O, gerek yazdığı yazılar ve yaptığı konuşmalarla gerekse verdiği dersler ve fetvalarla önemli bir ihtiyacı gidermiştir. Bu faaliyetleri sayesinde binlerce insan, zihinlerindeki şüphelerden kurtulmuş ve dinini doğru bir şekilde öğrenme imkânı bulmuştur. Hacı Çubak, Kırgız halkı arasında yeni bir dinî şuurun oluşması ve insanların dinlerini doğru bir şekilde yaşamaları noktasında çok önemli bir vazife görmüştür.

Sovyetler Birliği’nin yıkılmasından sonra, kendilerini büyük bir boşluğun içerisinde bulan ve farklı ideolojilerle zihinleri kirlenen gençler, Hacı Çubak gibi âlimler sayesinde yeniden dinlerine yönelmeye ve öğrendikleri değerlere sahip çıkmaya başlamışlardır. Gençleri radikal grupların tesirinden koruma, onların şiddet sarmalında yok olup gitmelerine engel olma da onun gibi şahsiyetler sayesinde gerçekleşmiştir.
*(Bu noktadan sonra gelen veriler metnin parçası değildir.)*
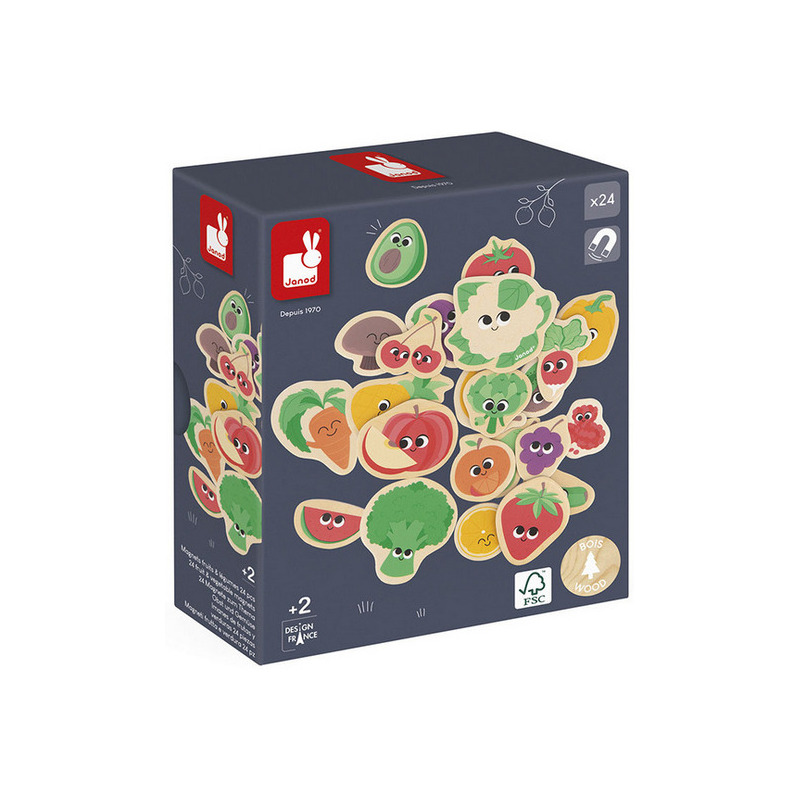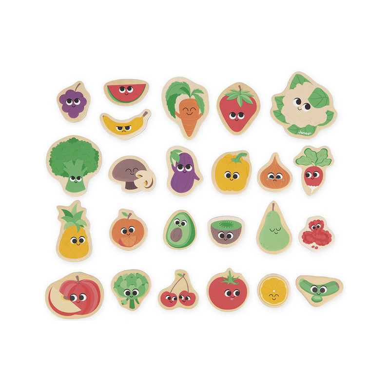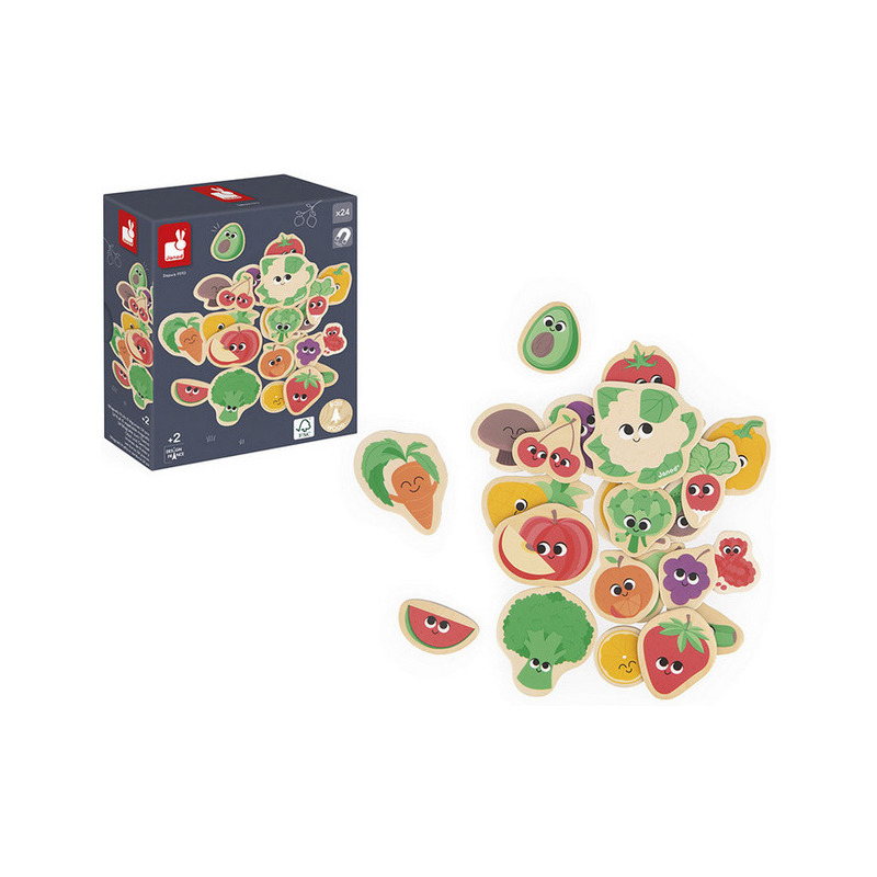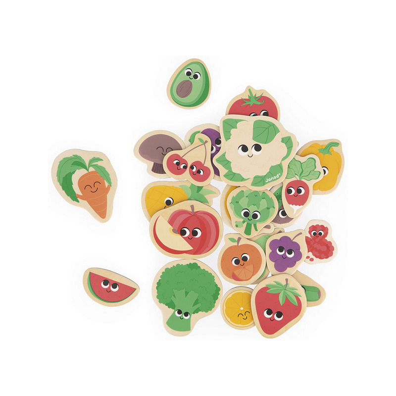 OWOCE I WARZYWA drewniane magnesy na lodówkę 24 szt. Janod 2+

Toplumda yer etmiş bid’at ve hurafelerin veya taassup ve yobazlığın yerine sahih dinî öğretilerin yerleştirilmesinde Hacı Çubak’ın çok büyük hizmetleri olmuştur. O, Kırgız halkının nazarını yeniden Kur’ân ve Sünnet’e çevirmiştir. İnsanların dinî ve manevî anlamda büyük bir arayış içinde oldukları bir dönemde, onları tevhid hakikatiyle tanıştırmış, onlara İslâm’ın sulh, hoşgörü, adalet, kardeşlik ve yardımlaşma gibi değerlerini sunmuştur.

Hacı Çubak’ın büyük hizmetlerinden biri de farklı toplum kesimleri ve farklı cemaatler arasında köprü vazifesi görmesidir. Onun ılımlı ve diyaloğa açık görüşleri sayesinde farklı cemaatler arasındaki ihtilaf ve anlaşmazlıklar azalmış, cemaat mensupları birbirlerine karşı daha fazla saygı göstermeye başlamışlardır.
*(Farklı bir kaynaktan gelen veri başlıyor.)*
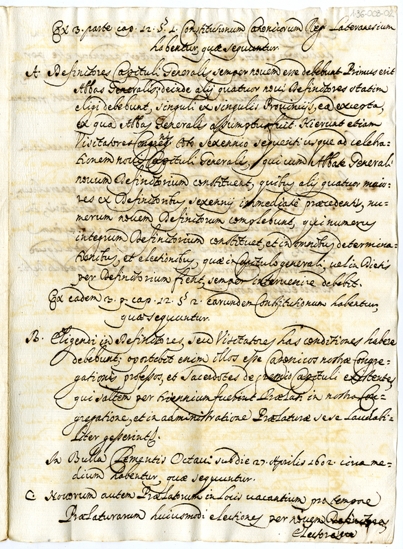 4. Norme tratte dalle costituzioni dei canonici Regolari Lateranensi circa la nomina dei Definitori(1691-1721)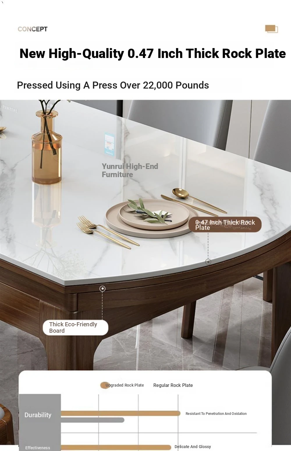 53.15 in one table and eight chairs [with Induction cooker] -0.47in thick Classy rock plate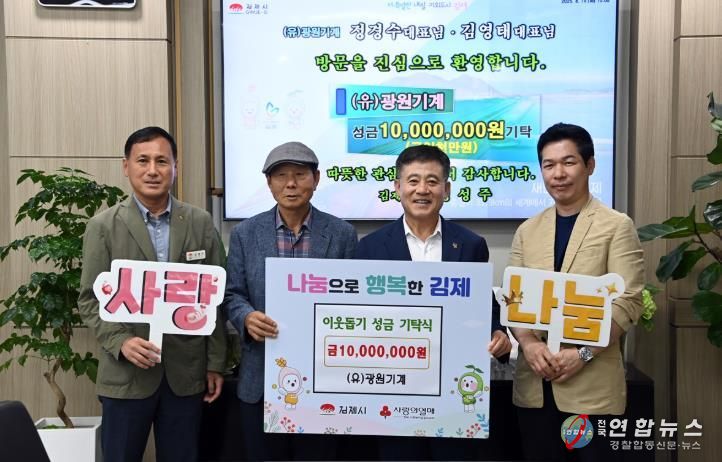 전국연합뉴스 최성용 기자 | 김제시는 (유)광원기계가 19일 지역 저소득 가정을 위해 사용해 달라며 1천만 원의 성금을 기탁했다고 밝혔다.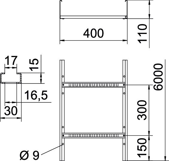 Product descriptionCable ladder with perforated side rail of side height 110 mm with riveted C profile rungs, open in an upwards direction.

Calilov, diğer cemaatlere olan saygı ve desteğinin yanı sıra Hizmet Hareketinin Kırgızistan’daki faaliyetlerine de sahip çıkmış, özellikle son yıllardaki zor günlerinde Hizmet’in yanında durmuştur. Onun bu destek ve yardımları, Kırgız halkının da Hizmet Hareketine sahip çıkmasında etkili olmuştur.
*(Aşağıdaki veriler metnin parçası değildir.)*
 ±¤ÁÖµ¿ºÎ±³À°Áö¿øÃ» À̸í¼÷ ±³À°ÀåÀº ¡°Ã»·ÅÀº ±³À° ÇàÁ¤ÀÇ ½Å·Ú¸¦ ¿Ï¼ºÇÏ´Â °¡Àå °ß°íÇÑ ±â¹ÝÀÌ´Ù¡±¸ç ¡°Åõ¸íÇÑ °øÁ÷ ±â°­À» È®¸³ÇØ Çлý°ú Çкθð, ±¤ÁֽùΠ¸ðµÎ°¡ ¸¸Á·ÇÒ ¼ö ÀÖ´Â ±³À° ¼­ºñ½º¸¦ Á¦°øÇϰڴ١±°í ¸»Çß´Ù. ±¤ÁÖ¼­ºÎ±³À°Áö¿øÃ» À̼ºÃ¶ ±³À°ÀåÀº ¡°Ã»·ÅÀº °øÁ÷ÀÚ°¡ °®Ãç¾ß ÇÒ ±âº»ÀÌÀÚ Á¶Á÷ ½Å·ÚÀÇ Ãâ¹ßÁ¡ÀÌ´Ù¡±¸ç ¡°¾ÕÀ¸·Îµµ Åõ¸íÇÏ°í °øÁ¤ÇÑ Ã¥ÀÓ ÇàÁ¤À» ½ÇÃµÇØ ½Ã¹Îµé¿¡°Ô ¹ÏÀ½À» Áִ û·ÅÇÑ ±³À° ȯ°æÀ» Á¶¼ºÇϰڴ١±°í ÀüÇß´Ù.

Amerika’daki Kırgızları ziyareti sırasında muhterem Fethullah Gülen Hocaefendi’yi de ziyaret etmiştir. 15 Temmuz sürecinden sonra, Türkiye’de ve dünyada Hizmet Hareketine karşı yürütülen çalışmaların karşısında durmuş, zulmün son bulması için idarecilere çağrı yapmış ve her zaman mazlumların yanında olmuştur.

Hocaefendi’ye karşı büyük bir saygı ve sevgi besleyen Hacı Çubak Calilov, onun İnsanlığın İftihar Tablosu:Sonsuz Nur isimli kitabından bir yıl boyunca talebelerine ve halka açık dersler yapmıştır. Fethullah Gülen’in Kırgızca’ya çevrilen birçok kitabına takdim yazısı yazması da onun Hocaefendi’ye ve Hizmet Hareketine karşı duyduğu güven ve sevginin bir eseri olsa gerektir.

Cenab-ı Hakk’tan bu büyük âlime rahmet ve mağfiretiyle muamele etmesini, kıyamet gününde onu sıddıklar, şehitler ve peygamberlerle birlikte haşretmesini ve onu Firdevsiyle sevindirmesini niyaz ediyoruz.